There's an existing function that ends in:
return dict.iteritems()
that returns an unsorted iterator for a given dictionary. I would like to return an iterator that goes through the items in sorted order. How do I do that?
There's an existing function that ends in:
return dict.iteritems()
that returns an unsorted iterator for a given dictionary. I would like to return an iterator that goes through the items in sorted order. How do I do that?
Use the sorted()
function:
return sorted(dict.iteritems())
If you want an actual iterator over the sorted results, since sorted()
returns a list, use:
return iter(sorted(dict.iteritems()))
Greg's answer is right. Note that in Python 3.0 you'll have to do
sorted(dict.items())
as iteritems
will be gone.
A dict's keys are stored in a hashtable so that is their 'natural order', i.e. psuedo-random. Any other ordering is a concept of the consumer of the dict.
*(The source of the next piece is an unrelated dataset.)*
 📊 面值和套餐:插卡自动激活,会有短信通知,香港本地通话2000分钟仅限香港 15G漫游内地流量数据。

sorted() always returns a list, not a dict. If you pass it a dict.items() (which produces a list of tuples), it will return a list of tuples [(k1,v1), (k2,v2), ...] which can be used in a loop in a way very much like a dict, but it is not in anyway a dict!
foo = {
'a': 1,
'b': 2,
'c': 3,
}
print foo
>>> {'a': 1, 'c': 3, 'b': 2}
print foo.items()
>>> [('a', 1), ('c', 3), ('b', 2)]
print sorted(foo.items())
>>> [('a', 1), ('b', 2), ('c', 3)]
The following feels like a dict in a loop, but it's not, it's a list of tuples being unpacked into k,v:
for k,v in sorted(foo.items()):
print k, v
Roughly equivalent to:
for k in sorted(foo.keys()):
print k, foo[k]
Haven't tested this very extensively, but works in Python 2.5.2.
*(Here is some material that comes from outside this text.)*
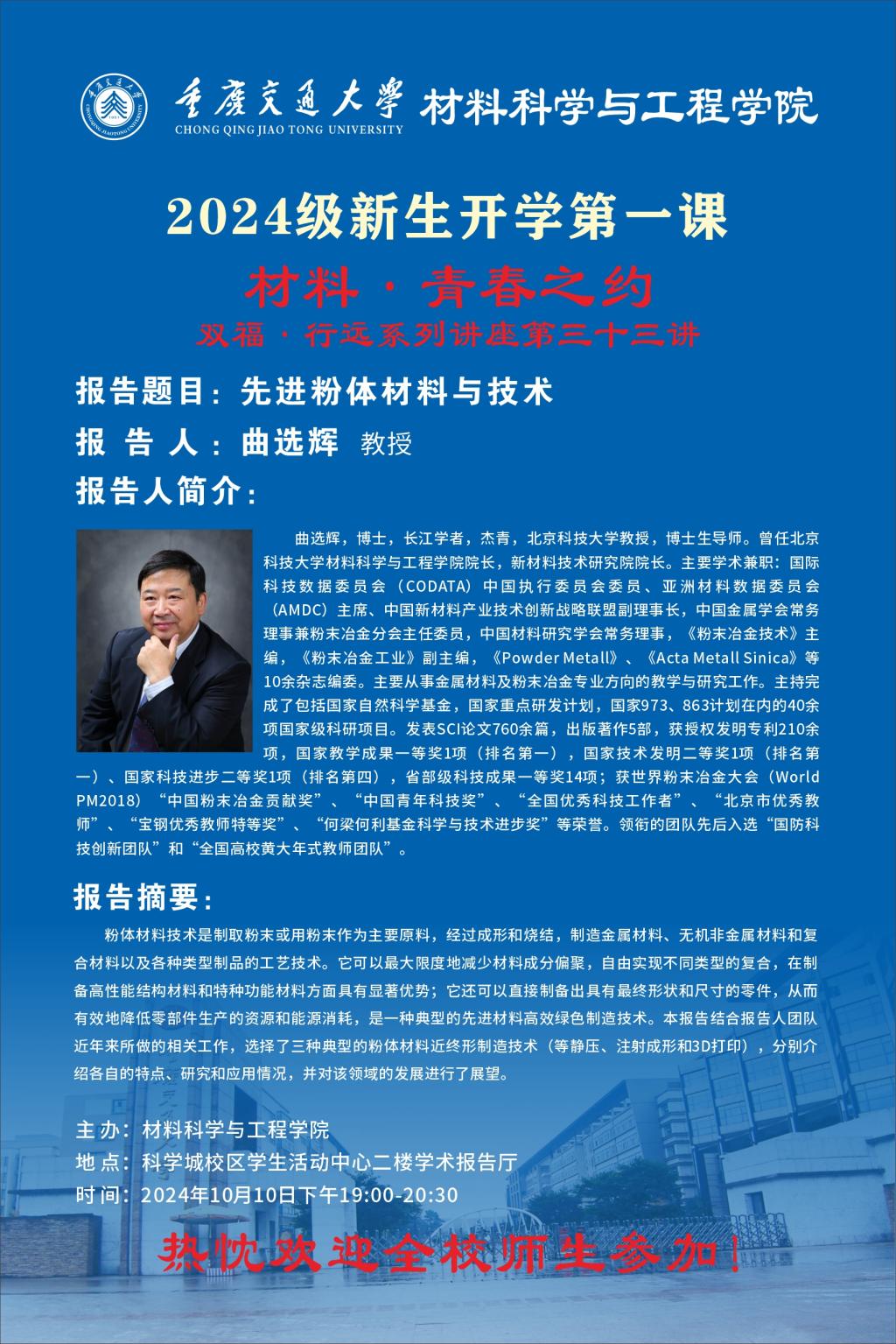 我院2024级新生开学 第一课暨材料·青春之约系列讲座:先进粉体材料与技术

>>> d = {"x":2, "h":15, "a":2222}
>>> it = iter(sorted(d.iteritems()))
>>> it.next()
('a', 2222)
>>> it.next()
('h', 15)
>>> it.next()
('x', 2)
>>>
sorted returns a list, hence your error when you try to iterate over it, but because you can't order a dict you will have to deal with a list.
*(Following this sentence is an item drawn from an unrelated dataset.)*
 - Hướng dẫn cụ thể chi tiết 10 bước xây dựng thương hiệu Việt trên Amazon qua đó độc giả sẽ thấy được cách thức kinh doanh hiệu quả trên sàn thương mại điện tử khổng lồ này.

I have no idea what the larger context of your code is, but you could try adding an iterator to the resulting list. like this maybe?:
return iter(sorted(dict.iteritems()))
of course you will be getting back tuples now because sorted turned your dict into a list of tuples
ex:
say your dict was:
{'a':1,'c':3,'b':2}
sorted turns it into a list:
[('a',1),('b',2),('c',3)]
so when you actually iterate over the list you get back (in this example) a tuple composed of a string and an integer, but at least you will be able to iterate over it.